Lei singhiozzante, e come un disco rotto, ripete le stesse parole.

“Non ci sono più! Non ci sono più! Non ci sono più!”

So a cosa si riferisce Eleonora. So cosa teneva nascosta quella soffitta. Non parlo, non oso dire chi abbia fatto sparire i giocattoli. Eleonora è presa da un pianto irrefrenabile, si butta per terra. Io so cosa cerca Eleonora: un triciclo in ferro e un cavalluccio rosso in plastica. Con mio grande stupore scopro che non ci sono più! Inizio ad avvertire paura, sono i miei ricordi! Essi cominciano a riemergere stranamente, coincidono perfettamente con quelli di Eleonora. Sento che le forze cominciano a venirmi meno! Quando fra i singhiozzi indica un qualcosa che sta dietro le mie spalle. Non vedo nulla, la soffitta è scarsamente illuminata. Un sottile raggio di sole illumina un angolo buio. S’intravede la sagoma di una figura umana, seduta su di una piccola sedia in vimini. La figura ha un qualcosa tra le braccia che va cullando. Vorrei tanto avvicinarmi a quella persona. Quando sento una gelida manina afferra il mio braccio.

“Non andare! Non andare! Fermati! Lei ti porta via!Così noi non ci vedremo più!”

“Perché non devo farlo? Chi è quella donna?”“Non fare tante domande! Tu lo sai chi è e non vuoi fare il suo nome! Perché non fai il suo nome? Hai paura? Dai … fallo!”

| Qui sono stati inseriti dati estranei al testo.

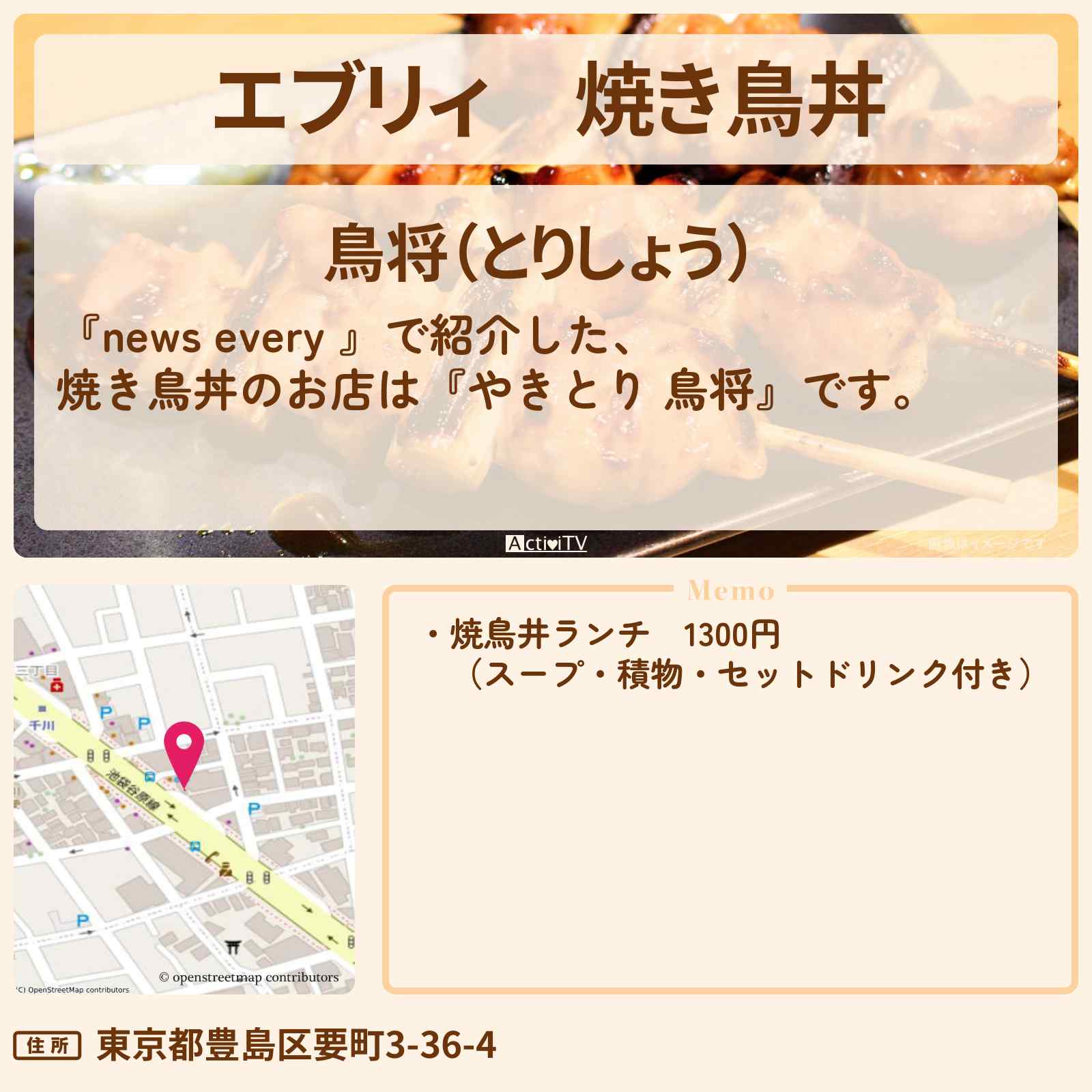 放送の【news every 】で紹介した、焼き鳥丼のお店は『やきとり 鳥将』です。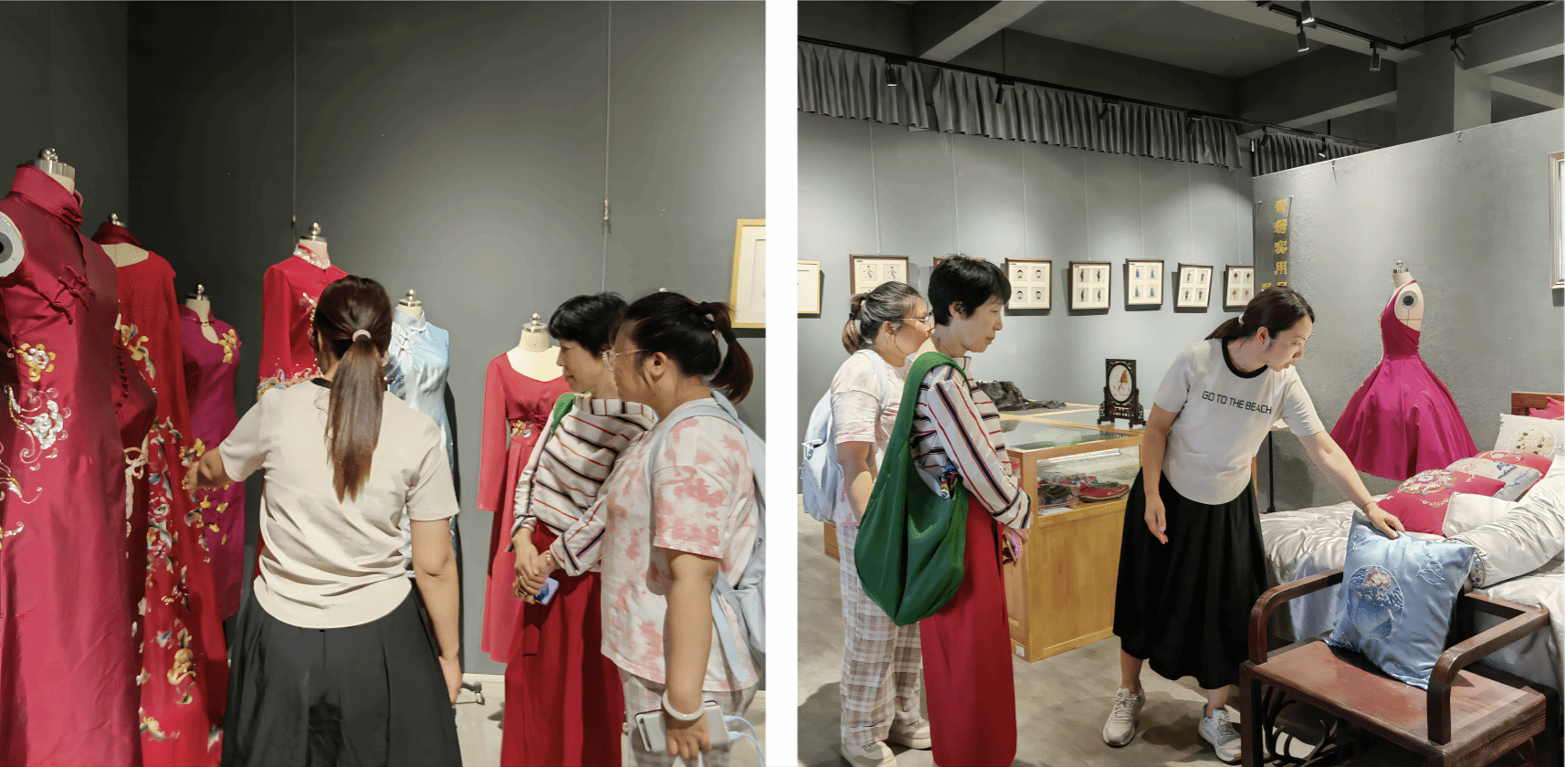 “中国有礼仪之大,故称夏;有服章之美,谓之华。”,威廉希尔体育结合专业特色,立足传播中华优秀传统服饰文化中蕴含的精巧构图、精美纹样、精湛技艺,为此次科技周设计了“匠艺之美”、“匠技之美”、“天然之美”、“雕琢之美”、“衣礼之美”、“秀衣之美”六大主题系列活动,参与本次活动人数近300人,其中包括常州纺织服装职业技术公司(图一)、辽宁轻工职业公司(图二)等参赛师生参与其中。“匠艺之美”通过“参观+讲授”的方式给同学们普及蜀绣针法技艺,了解蜀绣文化中一针一线的艺术价值;“匠技之美”通过参与第十三届全国职业院校员工服装制版与工艺大赛服务工作、专家点评、作品观摩等环节,让同学们近距离感受来自全国职业院校赛手风采,学习领悟工匠精神实质;“天然之美”通过体验传统手工古法染色技艺,体验者了解和掌握各类染料的提取、染色等技术,领略天然天成之美的中国古典美学真谛;“雕琢之美”通过革艺居工作室的同学讲解皮雕工具及使用方法、手工皮具制作工艺流程,体验皮具小挂件全流程制作的方式进行;“衣礼之美”通过尚衣阁工作室对中华优秀服饰代表旗袍的讲解学习,传播中华民族特有的文化价值、弘扬民族精神。“秀衣之美”,与2023中国国际老员工时装周同行,公司师生通过线上观看2023中国国际老员工时装周院校作品,感受服装服饰优秀设计作品体现的“行走中的艺术之美”。

Rimango immobile, osservo meglio chi è la persona, è una donna! La figura femminile ha il volto nascosto da una veletta nera; va cullando una bambola. Canta una canzoncina del passato:

“Quando è l’ora di fare  la nanna, lascia i giochi e corri da mamma. Dalle un bacione per farle capire, che le vuoi bene e che vuoi dormire …”

La sconosciuta  stende verso di me la mano destra, facendomi segno di avvicinarmi. Eleonora stringe fortemente la mia mano fino a farmi male e, con una voce mai udita prima, da vecchia, comincia a urlare:

“No! Non farlo! Lei ti porta via! Noi l’abbiamo vista una sola volta, all’inizio del nostro tempo, poi mai più! Non potremo mai pronunciare il suo  nome. Lei mai apparterrà al nostro mondo! Un tempo ci separa da lei. Se vai io svanirò!”

Lacrime cominciano a scendere dai miei occhi. Lacrime che escono dal mio cuore; lacrime di profondo dolore che sempre sono state chiuse in me. Copro gli occhi; Quando li riapro …! mi ritrovo seduta sul mio letto piangente al buio. Mi corico cercando di dimenticare quel brutto sogno. Quando … La voce allegra di Eleonora va abbandonandomi:

“Ciao! Ciao! Ciao! Ahahahhaha!!!!!!!!!!!!!!!”.

Le calde labbra di Eleonora si poggiano sul mio viso, per svanire per sempre.